Before the chapter, a shout out to my best friend! She sent me a song, (According to You by Orianthi), and it made me realize just because one boy says I'm aggressive, ugly, and a Twilight freak, and too much of a nerd, it doesn't mean another boy won't think that I can defend myself, that I'm cute and that Twilight is ok, and that being smart is a virtue, and not something I do for a living, because trust me, no one pays me to get straight As. This chapter will also start off depressing. I'm so very sorry. I start school tomorrow, so it'll take me longer to update.


BPOV:

Life sucks, and then you die. Yeah, I should be so lucky. I'd already read Crack of Dawn, but the quote still stuck with me. My life did suck. I live my whole seventeen years without interference from strangers, I come here, and my life turns into a mess thanks to one family. One person, I could say. I was depressed, but I didn't let it show, because it would hurt my father.

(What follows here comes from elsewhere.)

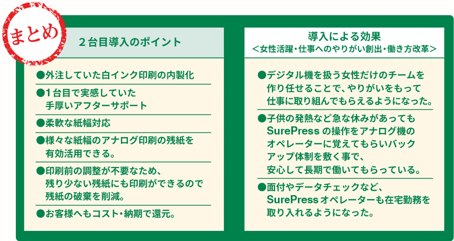 使い慣れており、印刷のクオリティの高さや紙幅が自由に決められるという基本性能も自社の仕事に向いていました。アフターサービスにも満足していましたし、最終的にSurePressの白インク搭載モデルに決めました。さらに、デジタル機の特徴を活かすため、SSラボという部署を立ち上げ、デジタルオンリーでジョブを完結しています。

I wrote the song and recorded it on my laptop, but then I had nothing else to do. I was bored. I was miserable. And the only person I wanted to talk to had made me this way. Edward hurt me. And this is just what I knew would happen, but didn't believe it. I'd been so care-free and happy I'd ignored the writing on the wall. Edward was too good for someone like me. Someone average. Someone who's goal in life was to graduate high school with good grades, get a scholarship and go to college, then work either as an English teacher or writing books.

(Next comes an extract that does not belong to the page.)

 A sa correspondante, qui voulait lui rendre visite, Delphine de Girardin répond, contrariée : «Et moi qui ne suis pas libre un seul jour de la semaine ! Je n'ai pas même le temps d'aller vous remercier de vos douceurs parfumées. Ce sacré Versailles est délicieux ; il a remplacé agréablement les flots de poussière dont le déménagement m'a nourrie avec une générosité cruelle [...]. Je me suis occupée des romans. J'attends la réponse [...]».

Edward could have any girl he wanted. He could have Jessica Stanley, Rebecca Hess, Lauren Mallory, and even Taylor Swift, I'd bet. He was the perfect guy any girl could want. Maybe he'd realized that and gone on a hot date, leaving me, boring Bella, behind. It made me feel like.... I don't know, it made me feel worthless to think he thought I was boring and dull and average. I knew I was, but it hurt to hear it from someone as special to me as he was.

It was time to get up for school, but I was determined to not let it show that he hurt me. I'd go cry in the bathroom when I get home, but in school I was going to play the -I-don't-give-a-damn-if-you-went-out-with-Lauren-Mallory card. So I dressed in something cute and nice for me, grabbed my bag and walked out the door. I'd packed cereal in bag, so I ate it on the way to school.

It was cold today; maybe forty degrees. I was wearing my coat and a scarf, but I thought that was just me. Everyone was wearing coats and scarfs, and Rebecca Hess was wearing a beanie and gloves. Whoa. I got out of the truck and immediately, there was a Pixie next to me. She was wearing a white coat, which looked even brighter next to mine, which was black.

"Bella, I need to tell you something!" Alice said.

"I don't want to hear it, Alice," I said. I began walking toward the school. Alice skipped behind me, and ran a bit to catch up.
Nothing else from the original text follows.